BRIEF –
Using the data that follows, return exactly the lines from the one that contains "关于月亮的儿童画作品在月亮上跳绳" through the one that contains "ແມ່ນໄດ້ຈັດກອງ ປະຊຸມສະຫຼຸບວຽກງານການຄຸ້ມ ຄອງເງິນຕາຕ່າງປະເທດ", ends included.

EXTRACTED MATERIAL –

[Start of Attachment]

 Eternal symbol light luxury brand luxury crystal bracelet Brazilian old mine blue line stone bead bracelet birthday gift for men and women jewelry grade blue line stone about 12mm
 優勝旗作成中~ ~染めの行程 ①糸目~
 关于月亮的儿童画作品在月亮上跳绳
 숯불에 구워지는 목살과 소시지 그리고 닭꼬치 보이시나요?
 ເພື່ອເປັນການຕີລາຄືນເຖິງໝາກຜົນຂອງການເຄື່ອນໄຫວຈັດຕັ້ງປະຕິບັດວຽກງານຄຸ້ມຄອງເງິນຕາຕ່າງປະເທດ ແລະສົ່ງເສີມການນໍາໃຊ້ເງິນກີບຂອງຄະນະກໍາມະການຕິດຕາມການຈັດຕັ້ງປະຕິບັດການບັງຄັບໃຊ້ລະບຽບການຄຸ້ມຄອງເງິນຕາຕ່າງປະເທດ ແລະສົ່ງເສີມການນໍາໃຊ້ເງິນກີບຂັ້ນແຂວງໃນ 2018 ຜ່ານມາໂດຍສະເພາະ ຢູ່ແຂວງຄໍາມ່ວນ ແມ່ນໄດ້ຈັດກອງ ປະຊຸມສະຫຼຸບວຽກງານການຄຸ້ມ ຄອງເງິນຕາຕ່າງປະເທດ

[End of Attachment]
[Start of Attachment]

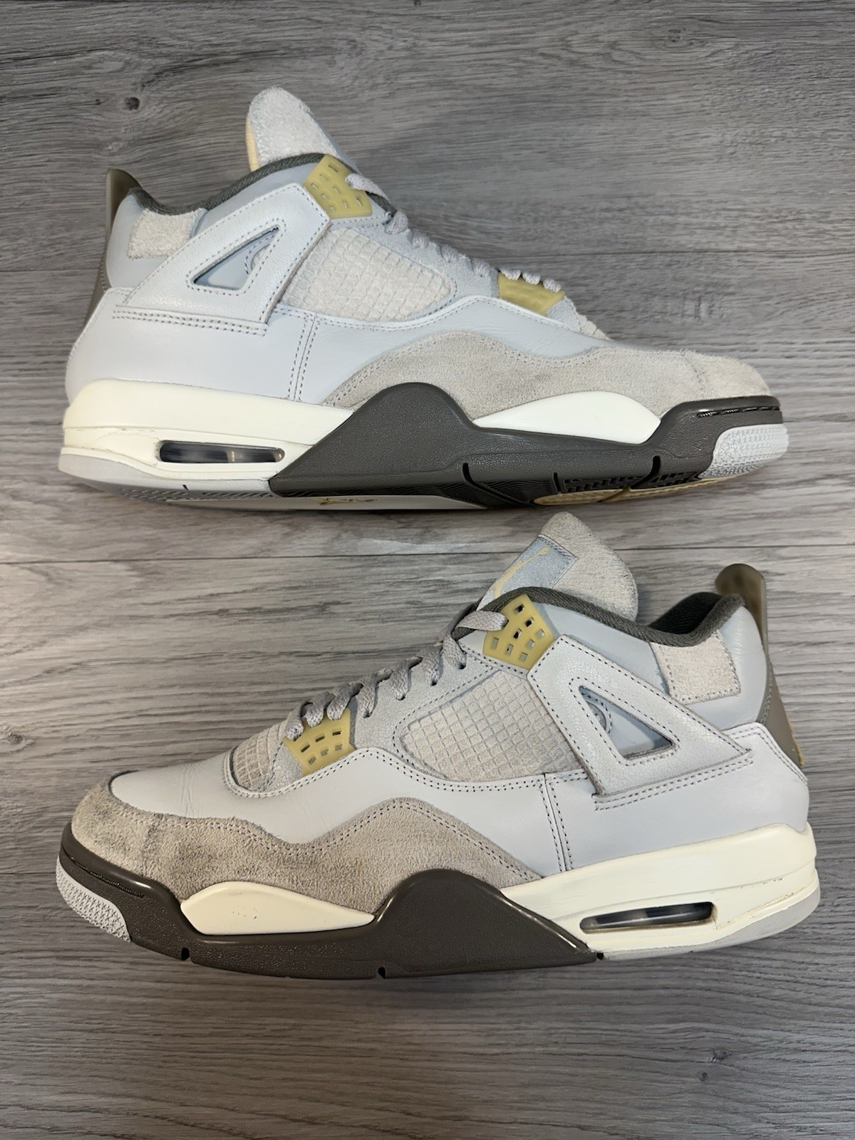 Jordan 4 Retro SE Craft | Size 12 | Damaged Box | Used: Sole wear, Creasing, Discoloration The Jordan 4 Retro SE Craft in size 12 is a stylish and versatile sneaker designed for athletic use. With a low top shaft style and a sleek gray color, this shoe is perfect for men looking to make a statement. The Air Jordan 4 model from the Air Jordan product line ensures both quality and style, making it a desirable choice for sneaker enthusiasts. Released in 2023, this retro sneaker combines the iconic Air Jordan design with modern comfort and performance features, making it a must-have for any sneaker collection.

[End of Attachment]
[Start of Attachment]

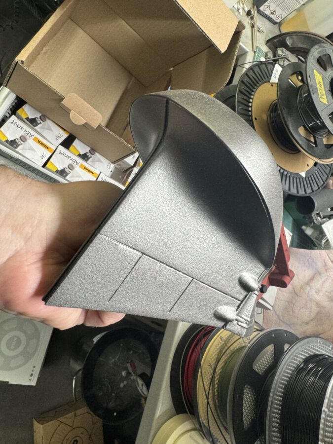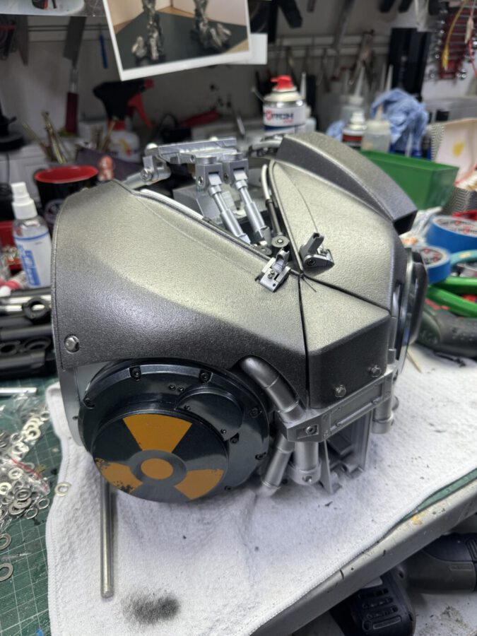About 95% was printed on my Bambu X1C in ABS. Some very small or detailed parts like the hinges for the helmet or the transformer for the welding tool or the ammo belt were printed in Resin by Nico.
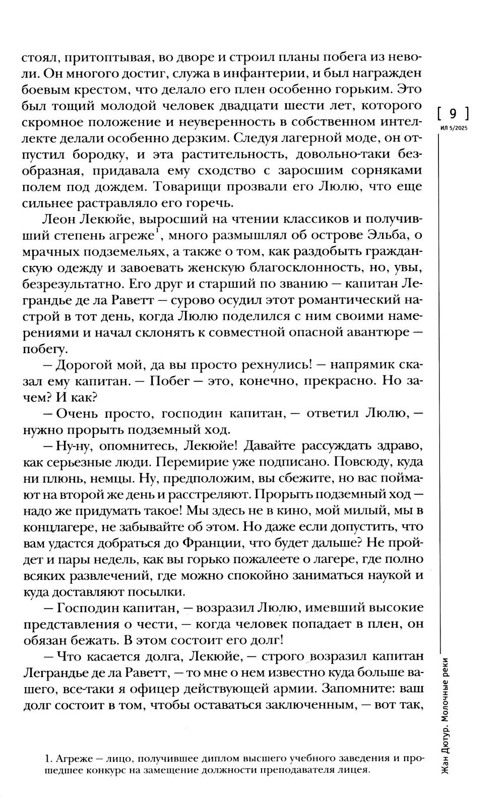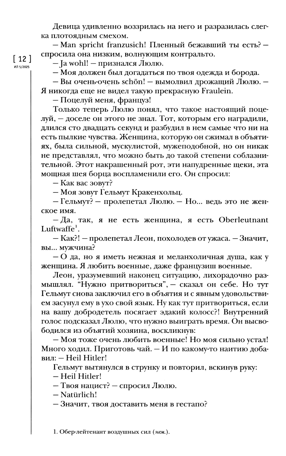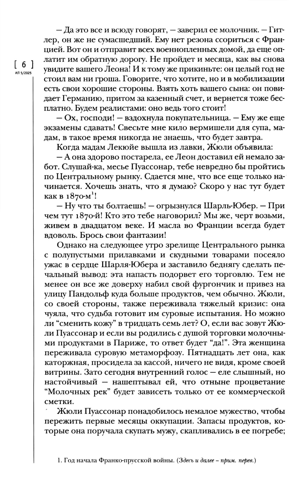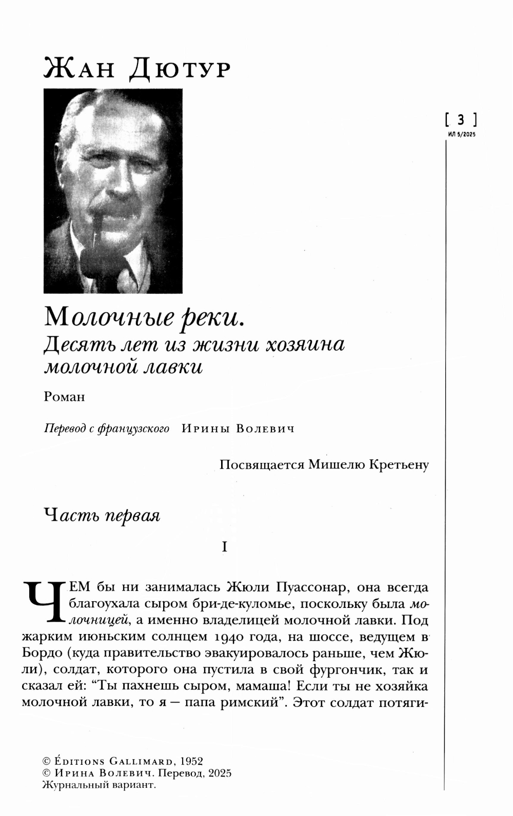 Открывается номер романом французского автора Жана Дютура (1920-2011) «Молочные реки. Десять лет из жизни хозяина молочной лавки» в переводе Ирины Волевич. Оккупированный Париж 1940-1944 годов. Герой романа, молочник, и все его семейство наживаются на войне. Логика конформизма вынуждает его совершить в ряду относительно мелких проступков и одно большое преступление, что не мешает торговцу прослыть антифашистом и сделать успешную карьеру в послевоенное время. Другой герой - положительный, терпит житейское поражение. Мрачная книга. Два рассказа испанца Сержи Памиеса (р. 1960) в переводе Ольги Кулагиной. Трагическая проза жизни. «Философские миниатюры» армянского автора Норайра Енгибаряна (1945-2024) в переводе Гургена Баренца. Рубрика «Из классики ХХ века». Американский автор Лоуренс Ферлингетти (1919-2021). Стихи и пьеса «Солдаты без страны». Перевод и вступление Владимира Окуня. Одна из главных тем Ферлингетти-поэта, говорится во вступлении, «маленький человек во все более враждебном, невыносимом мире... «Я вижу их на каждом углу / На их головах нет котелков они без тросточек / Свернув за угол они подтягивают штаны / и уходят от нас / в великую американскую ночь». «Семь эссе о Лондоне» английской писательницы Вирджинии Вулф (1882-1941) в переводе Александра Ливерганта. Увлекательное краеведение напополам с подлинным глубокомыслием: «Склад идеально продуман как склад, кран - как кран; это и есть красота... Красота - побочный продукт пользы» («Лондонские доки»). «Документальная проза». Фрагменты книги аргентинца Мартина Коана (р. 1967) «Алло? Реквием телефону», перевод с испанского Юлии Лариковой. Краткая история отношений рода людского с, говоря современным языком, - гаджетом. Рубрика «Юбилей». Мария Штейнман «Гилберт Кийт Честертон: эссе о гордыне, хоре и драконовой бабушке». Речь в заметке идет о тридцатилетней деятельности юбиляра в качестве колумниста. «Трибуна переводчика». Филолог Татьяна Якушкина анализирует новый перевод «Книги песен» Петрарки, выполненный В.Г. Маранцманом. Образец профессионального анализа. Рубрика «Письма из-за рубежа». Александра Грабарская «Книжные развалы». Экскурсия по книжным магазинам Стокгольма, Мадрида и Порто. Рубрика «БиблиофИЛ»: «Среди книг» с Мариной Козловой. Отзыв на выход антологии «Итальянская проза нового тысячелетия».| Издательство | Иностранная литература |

[End of Attachment]

RESPONSE TO THE TASK –
 关于月亮的儿童画作品在月亮上跳绳
 숯불에 구워지는 목살과 소시지 그리고 닭꼬치 보이시나요?
 ເພື່ອເປັນການຕີລາຄືນເຖິງໝາກຜົນຂອງການເຄື່ອນໄຫວຈັດຕັ້ງປະຕິບັດວຽກງານຄຸ້ມຄອງເງິນຕາຕ່າງປະເທດ ແລະສົ່ງເສີມການນໍາໃຊ້ເງິນກີບຂອງຄະນະກໍາມະການຕິດຕາມການຈັດຕັ້ງປະຕິບັດການບັງຄັບໃຊ້ລະບຽບການຄຸ້ມຄອງເງິນຕາຕ່າງປະເທດ ແລະສົ່ງເສີມການນໍາໃຊ້ເງິນກີບຂັ້ນແຂວງໃນ 2018 ຜ່ານມາໂດຍສະເພາະ ຢູ່ແຂວງຄໍາມ່ວນ ແມ່ນໄດ້ຈັດກອງ ປະຊຸມສະຫຼຸບວຽກງານການຄຸ້ມ ຄອງເງິນຕາຕ່າງປະເທດ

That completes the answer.